As VMs move from server to server, the mix of disk I/O and network I/O changes, depending on the application that is being run on each VM that is hosted on the server. If you don’t monitor each server’s network port, how do you know that the mix of applications is congesting the network interface? Alternatively, how do you determine that a particular server is hosting applications (VMs) that are no longer in use? Decommissioning unused servers has always been a problem in large data centers, and with VMs, it is becoming more challenging to identify the unused application VMs. Yet these unused VMs consume resources, adding to data center growth and increasing the server management load.
What should be included in data center monitoring?

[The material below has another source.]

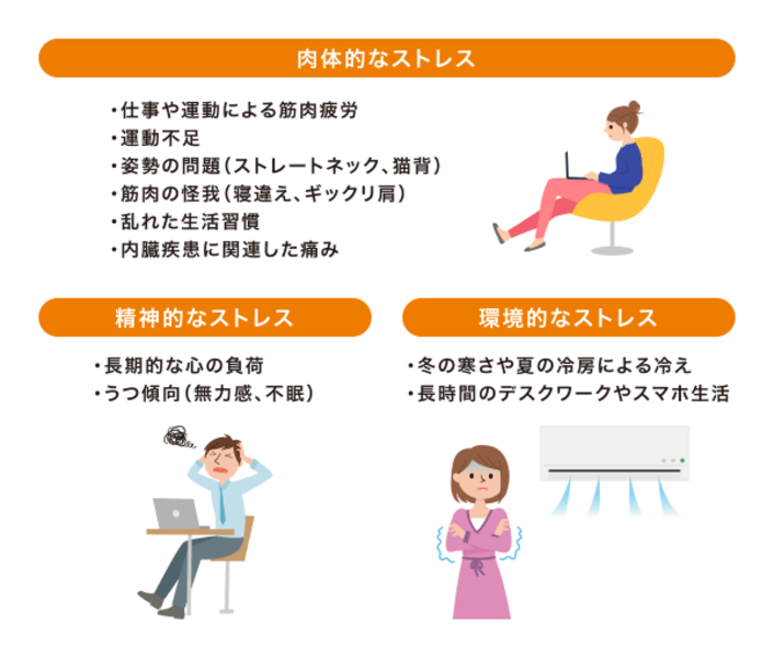 たくさんの方が悩んでいる「肩こり」は、マッサージやツボ押しで治ると思われている方も少なくないでしょう。しかし実は、その元となる原因は、筋肉疲労、寝不足やストレスなど、一人ひとり違います

- Server ports. Know when a server’s link is saturated. Basic interface monitoring is a start, but follow that with flow monitoring to report what traffic is the greatest. Be careful – some applications are designed to run at full link speeds, such as backups. This is where a server that is hosting too many VMs is detected – its network interface will be congested and the mix of traffic will be to/from the various VMs that are hosted on that server. Monitoring server ports can also be used to inventory unused ports or underutilized ports. Server ports, unlike most other edge ports, need to be monitored at a higher frequency, so that traffic microbursts can be identified, helping you understand the true network utilization profile. Polling for data at 10 minute or longer intervals just doesn’t work for this level of visibility. The minimum that I want for server port monitoring is 5 minute data and I would prefer 1 minute polling. This is certainly possible, as demonstrated by some vendors.
- Uplinks. Most data centers will be designed with some level of oversubscription of the uplinks and knowing when the uplink is oversubscribed will help you move the VMs around the data center in order to maximize overall system throughput. In the longer term, it can help you determine where you need to add higher speed links or where to add additional parallel links (etherchannel or equal cost multipath).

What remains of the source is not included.